#### [Task directions]
Drop the pictures; give again exactly the lines from the one holding "为贯彻落实党的二十大和二十届" through the end of the data.

Source information START

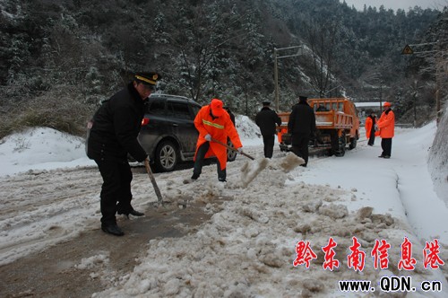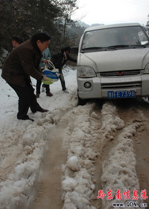 1月18日至20日,黎平縣迎來了隆冬時節的第三輪降雪天氣。在黎平縣政府副縣長肖金城的率領下,黎平縣交通系統的100多名員工,從早上6點開始,頂著風雪,在黎平至湖南靖州的出省公路線上,連續奮戰6個小時,除冰撒鹽,終于在12時,萬余名的農民工和大學生乘坐40輛客車,從湖南靖州縣安全駛入黎平縣。
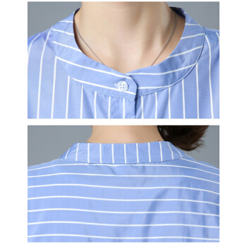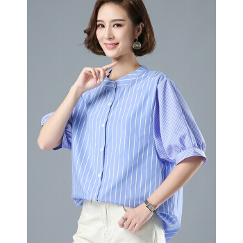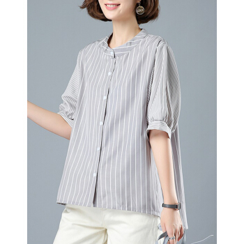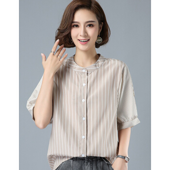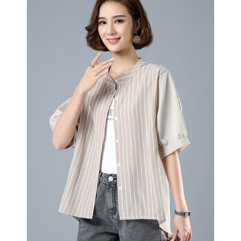 婪澈短袖条纹衬衫女2020女装夏新款小衫遮肚子休闲衬衣大码女装夏季衣服女短袖宽松立领上衣 米色 请拍正确尺码 |
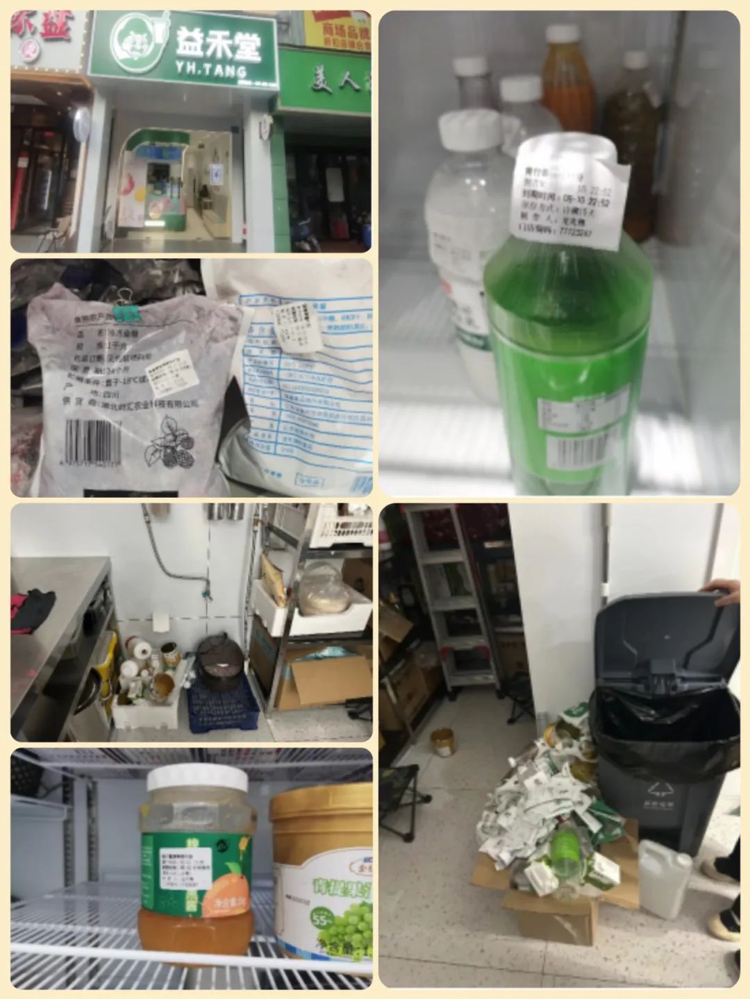 曝光理由:操作区和储藏间垃圾等杂物较多,容易滋生细菌;果粒、果酱等预制食品用料多批次存在超过最佳使用期现象。
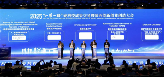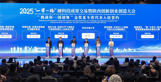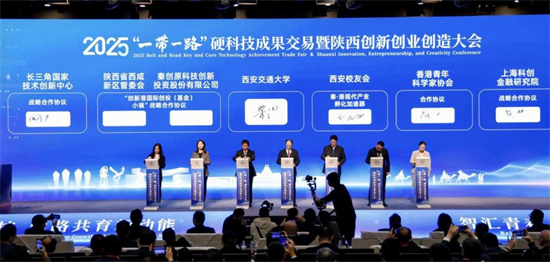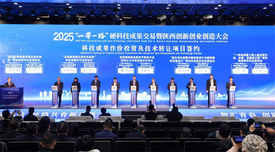 为贯彻落实党的二十大和二十届历次全会精神,进一步深化产教融合,促进科技成果高质量转移转化,培育发展新质生产力,服务现代化产业体系建设和构建人类命运共同体,11月7日,2025“一带一路”硬科技成果交易暨陕西创新创业创造大会开幕式在中国西部科技创新港举行。
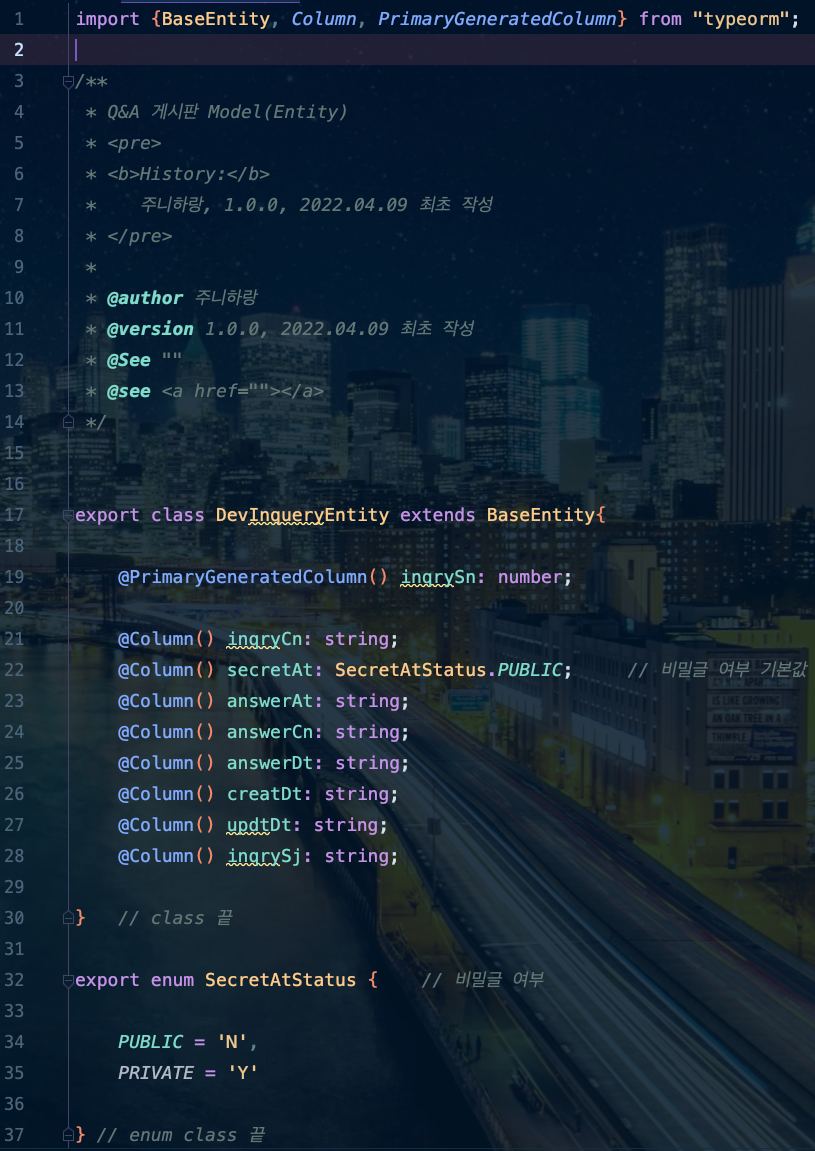 ์ฐธ๊ณ ๋ก `private`์ ์ ์ธํ๋ฉด `devInqueryService Property`๋ `DevInqueryController` Class์์๋ง ์ด์ฉ ๊ฐ๋ฅํ ๊ฒ์ด์์.

Source information END

#### [Result]
 为贯彻落实党的二十大和二十届历次全会精神,进一步深化产教融合,促进科技成果高质量转移转化,培育发展新质生产力,服务现代化产业体系建设和构建人类命运共同体,11月7日,2025“一带一路”硬科技成果交易暨陕西创新创业创造大会开幕式在中国西部科技创新港举行。
 ์ฐธ๊ณ ๋ก `private`์ ์ ์ธํ๋ฉด `devInqueryService Property`๋ `DevInqueryController` Class์์๋ง ์ด์ฉ ๊ฐ๋ฅํ ๊ฒ์ด์์.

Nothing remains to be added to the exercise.